Extracted data entries
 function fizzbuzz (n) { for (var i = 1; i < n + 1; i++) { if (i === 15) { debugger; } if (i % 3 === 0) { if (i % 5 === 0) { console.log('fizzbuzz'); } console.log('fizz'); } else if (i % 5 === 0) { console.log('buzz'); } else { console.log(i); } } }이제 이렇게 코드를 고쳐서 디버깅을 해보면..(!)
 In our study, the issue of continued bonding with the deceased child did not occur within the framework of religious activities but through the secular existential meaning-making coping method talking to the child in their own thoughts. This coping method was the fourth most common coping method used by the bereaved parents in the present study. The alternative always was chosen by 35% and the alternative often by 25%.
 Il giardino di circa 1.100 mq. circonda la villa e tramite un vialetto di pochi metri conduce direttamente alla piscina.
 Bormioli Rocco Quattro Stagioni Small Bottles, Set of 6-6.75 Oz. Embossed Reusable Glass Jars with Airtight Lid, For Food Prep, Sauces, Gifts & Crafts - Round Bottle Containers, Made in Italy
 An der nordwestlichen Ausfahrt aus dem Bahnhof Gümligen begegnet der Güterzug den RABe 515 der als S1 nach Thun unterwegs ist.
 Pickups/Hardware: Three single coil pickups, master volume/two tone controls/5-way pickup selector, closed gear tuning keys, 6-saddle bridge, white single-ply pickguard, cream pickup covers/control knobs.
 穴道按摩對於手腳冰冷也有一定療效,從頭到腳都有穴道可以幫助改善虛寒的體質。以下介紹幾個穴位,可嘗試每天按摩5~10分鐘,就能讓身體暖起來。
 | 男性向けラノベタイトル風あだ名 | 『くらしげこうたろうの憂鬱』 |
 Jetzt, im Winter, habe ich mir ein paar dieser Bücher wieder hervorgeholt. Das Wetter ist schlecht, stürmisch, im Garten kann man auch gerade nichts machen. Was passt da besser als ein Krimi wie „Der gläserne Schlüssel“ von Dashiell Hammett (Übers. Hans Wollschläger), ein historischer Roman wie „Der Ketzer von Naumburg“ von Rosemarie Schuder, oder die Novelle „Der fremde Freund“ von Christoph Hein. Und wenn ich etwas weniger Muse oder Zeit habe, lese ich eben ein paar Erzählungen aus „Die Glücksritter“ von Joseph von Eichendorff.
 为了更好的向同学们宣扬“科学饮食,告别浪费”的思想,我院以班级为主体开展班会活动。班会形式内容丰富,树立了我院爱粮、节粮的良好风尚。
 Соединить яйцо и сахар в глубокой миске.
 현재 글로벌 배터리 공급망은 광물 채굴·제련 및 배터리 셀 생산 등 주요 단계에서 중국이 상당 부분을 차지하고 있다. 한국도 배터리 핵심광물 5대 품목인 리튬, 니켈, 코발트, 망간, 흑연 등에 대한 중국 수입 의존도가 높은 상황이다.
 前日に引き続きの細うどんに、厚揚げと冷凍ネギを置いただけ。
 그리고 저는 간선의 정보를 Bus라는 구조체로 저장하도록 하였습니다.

* [WHAT TO PRODUCE]: Your answer should be the lines above, from the line containing "Pickups/Hardware: Three single" up to and including the line containing "Jetzt, im Winter, habe", reproduced exactly and with nothing else.

* [ANSWER BELOW]:
 Pickups/Hardware: Three single coil pickups, master volume/two tone controls/5-way pickup selector, closed gear tuning keys, 6-saddle bridge, white single-ply pickguard, cream pickup covers/control knobs.
 穴道按摩對於手腳冰冷也有一定療效,從頭到腳都有穴道可以幫助改善虛寒的體質。以下介紹幾個穴位,可嘗試每天按摩5~10分鐘,就能讓身體暖起來。
 | 男性向けラノベタイトル風あだ名 | 『くらしげこうたろうの憂鬱』 |
 Jetzt, im Winter, habe ich mir ein paar dieser Bücher wieder hervorgeholt. Das Wetter ist schlecht, stürmisch, im Garten kann man auch gerade nichts machen. Was passt da besser als ein Krimi wie „Der gläserne Schlüssel“ von Dashiell Hammett (Übers. Hans Wollschläger), ein historischer Roman wie „Der Ketzer von Naumburg“ von Rosemarie Schuder, oder die Novelle „Der fremde Freund“ von Christoph Hein. Und wenn ich etwas weniger Muse oder Zeit habe, lese ich eben ein paar Erzählungen aus „Die Glücksritter“ von Joseph von Eichendorff.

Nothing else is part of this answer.